[Opening SOURCE DATA section]

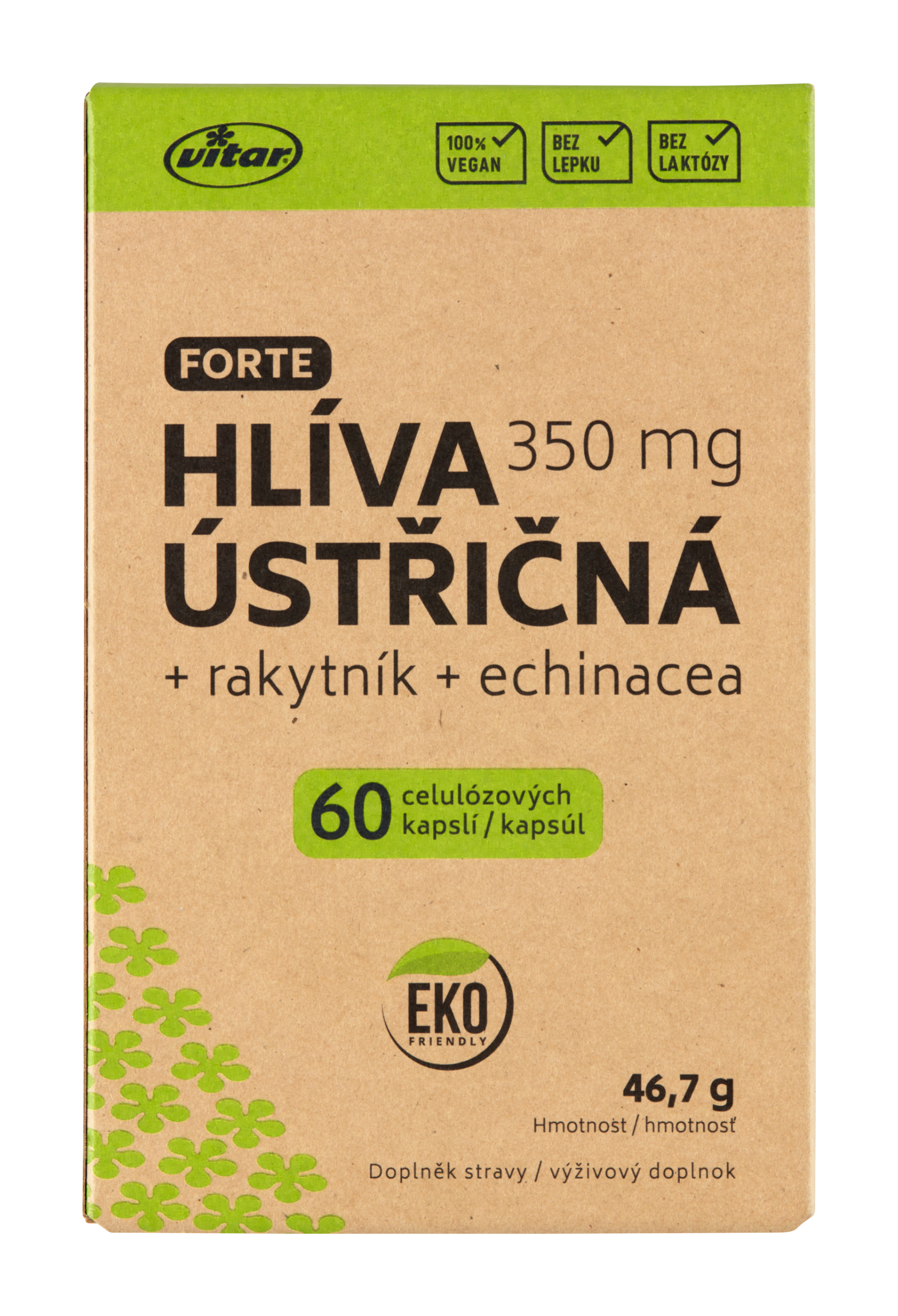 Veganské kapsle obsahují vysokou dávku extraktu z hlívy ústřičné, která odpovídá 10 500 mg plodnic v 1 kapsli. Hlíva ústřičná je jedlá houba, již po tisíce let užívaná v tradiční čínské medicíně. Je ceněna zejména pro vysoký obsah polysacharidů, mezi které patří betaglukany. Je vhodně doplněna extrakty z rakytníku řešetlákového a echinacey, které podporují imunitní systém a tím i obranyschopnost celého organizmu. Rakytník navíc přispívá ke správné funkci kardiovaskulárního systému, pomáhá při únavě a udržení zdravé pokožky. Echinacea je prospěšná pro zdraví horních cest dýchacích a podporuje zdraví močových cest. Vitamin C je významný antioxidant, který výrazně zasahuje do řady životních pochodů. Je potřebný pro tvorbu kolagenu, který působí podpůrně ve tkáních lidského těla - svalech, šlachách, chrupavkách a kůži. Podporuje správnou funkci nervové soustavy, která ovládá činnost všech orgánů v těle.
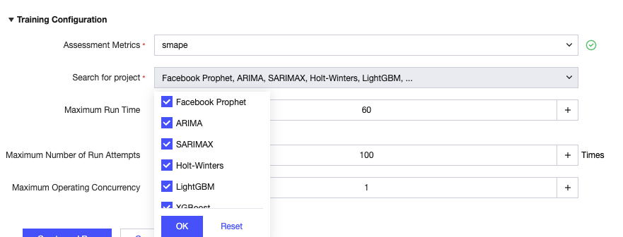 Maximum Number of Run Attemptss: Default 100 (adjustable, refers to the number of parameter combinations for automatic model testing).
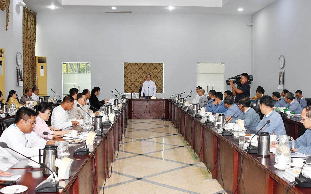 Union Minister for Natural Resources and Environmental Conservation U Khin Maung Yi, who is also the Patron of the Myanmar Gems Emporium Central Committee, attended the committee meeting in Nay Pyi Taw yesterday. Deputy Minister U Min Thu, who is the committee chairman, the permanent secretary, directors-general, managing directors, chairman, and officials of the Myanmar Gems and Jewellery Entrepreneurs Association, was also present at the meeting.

[Closing SOURCE DATA section]

▶ TRY IT
Without copying any picture, write out all of the material exactly as it reads.

▶ EXPECTED ANSWER
 Veganské kapsle obsahují vysokou dávku extraktu z hlívy ústřičné, která odpovídá 10 500 mg plodnic v 1 kapsli. Hlíva ústřičná je jedlá houba, již po tisíce let užívaná v tradiční čínské medicíně. Je ceněna zejména pro vysoký obsah polysacharidů, mezi které patří betaglukany. Je vhodně doplněna extrakty z rakytníku řešetlákového a echinacey, které podporují imunitní systém a tím i obranyschopnost celého organizmu. Rakytník navíc přispívá ke správné funkci kardiovaskulárního systému, pomáhá při únavě a udržení zdravé pokožky. Echinacea je prospěšná pro zdraví horních cest dýchacích a podporuje zdraví močových cest. Vitamin C je významný antioxidant, který výrazně zasahuje do řady životních pochodů. Je potřebný pro tvorbu kolagenu, který působí podpůrně ve tkáních lidského těla - svalech, šlachách, chrupavkách a kůži. Podporuje správnou funkci nervové soustavy, která ovládá činnost všech orgánů v těle.
 Maximum Number of Run Attemptss: Default 100 (adjustable, refers to the number of parameter combinations for automatic model testing).
 Union Minister for Natural Resources and Environmental Conservation U Khin Maung Yi, who is also the Patron of the Myanmar Gems Emporium Central Committee, attended the committee meeting in Nay Pyi Taw yesterday. Deputy Minister U Min Thu, who is the committee chairman, the permanent secretary, directors-general, managing directors, chairman, and officials of the Myanmar Gems and Jewellery Entrepreneurs Association, was also present at the meeting.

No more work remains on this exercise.